# Predicting customer churn

Churn prediction--predicting whether a customer will stay or leave a company--is one of the more popular applications of machine learning for business, especially among consulting companies trying to sell their services.

Typically the performance of a churn classifier (0 for customer stays, 1 for customer leaves, i.e. churns) is evaluated by a standard metric such as accuracy, precision, recall or ROC-AUC. In real-life, these metrics can be misleading, as they do not reflect the costs and benefits of the different outcomes being summarized by a given metric.

In the case of churn, these costs and benefits can be made very explicit in terms of the classifier's confusion matrix, https://scikit-learn.org/stable/modules/generated/sklearn.metrics.confusion_matrix.html.

\begin{equation*}
C =  
\begin{pmatrix}
\mathrm{true \, positives} &  \mathrm{false \, positives}  \\
\mathrm{false \, negatives} &  \mathrm{true \, negatives}
\end{pmatrix},
\end{equation*}

or, more generally, for a classifer with $n$ outcomes, the entries of the confusion matrix $C = (C_{ij})$ are the counts of observations known to be in class $i$ and predicted to be in class $j$.

To calculate a business-relevant metric, we need to know the cost for trying to retain a customer and the benefit of retaining a customer.

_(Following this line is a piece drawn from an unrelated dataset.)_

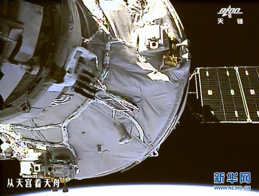4月22日,北京航天飛行控制中心大廳大屏幕顯示天舟一號與天宮二號自動交會對接畫面。這是天舟一號與天宮二號進(jìn)行的首次自動交會對接,也是我國自主研制的貨運飛船與空間實驗室的首次交會對接。(新華社發(fā)王泗江 攝)

## Churn reward: simplest case

The first case we consider is for a single action of sending customers an email. The reward is the revenue from the customer over the next year minux expenses per customer. Let's make the assumptions more explicit, and flag the ones that are reasonable or not as an approximation of reality.

* action $a$ is defined by $a \in (0,1) \leftrightarrow (\mathrm{no\,email\,sent}, \mathrm{email\,sent})$ has a fixed cost for all customers (reasonable),
* there are no costs except the marketing action above (unreasonable)
* revenue $\mathrm{rev}$ is the same for all customers (unreasonable):

\begin{equation*}
\mathrm{rev} = \begin{cases}
0,  & \text{if customer churns} \\
\mathrm{rev}_1, & \text{if customer stays}
\end{cases}
\end{equation*}

The first task is to cast this setup as a *Markov Decision Process*

In [None]:
import os
from pathlib import Path
import pickle

import pandas as pd
import numpy as np

from sklearn.preprocessing import LabelBinarizer, StandardScaler, OneHotEncoder
from sklearn.preprocessing import FunctionTransformer


from sklearn_pandas import DataFrameMapper

import fake_data_for_learning

from risk_learning.config import filenames

%matplotlib inline

## Churn data

In [None]:
df = pd.read_csv(filenames.fake_churn_rl)
df.head()

## Preprocess

In [None]:
def id_map(x):
    return x

id_trans = FunctionTransformer(id_map, validate=True)

mapper = DataFrameMapper([
    ('gender', LabelBinarizer()),
    (['age'], StandardScaler()),
    (['profession'], OneHotEncoder()),
    (['action'], id_trans)
])

data = pd.DataFrame(
    mapper.fit_transform(df),
    columns=mapper.transformed_names_
)
data.head()

In [None]:
with open(filenames.churn_bn, 'rb') as f:
    churn_bn = pickle.load(f)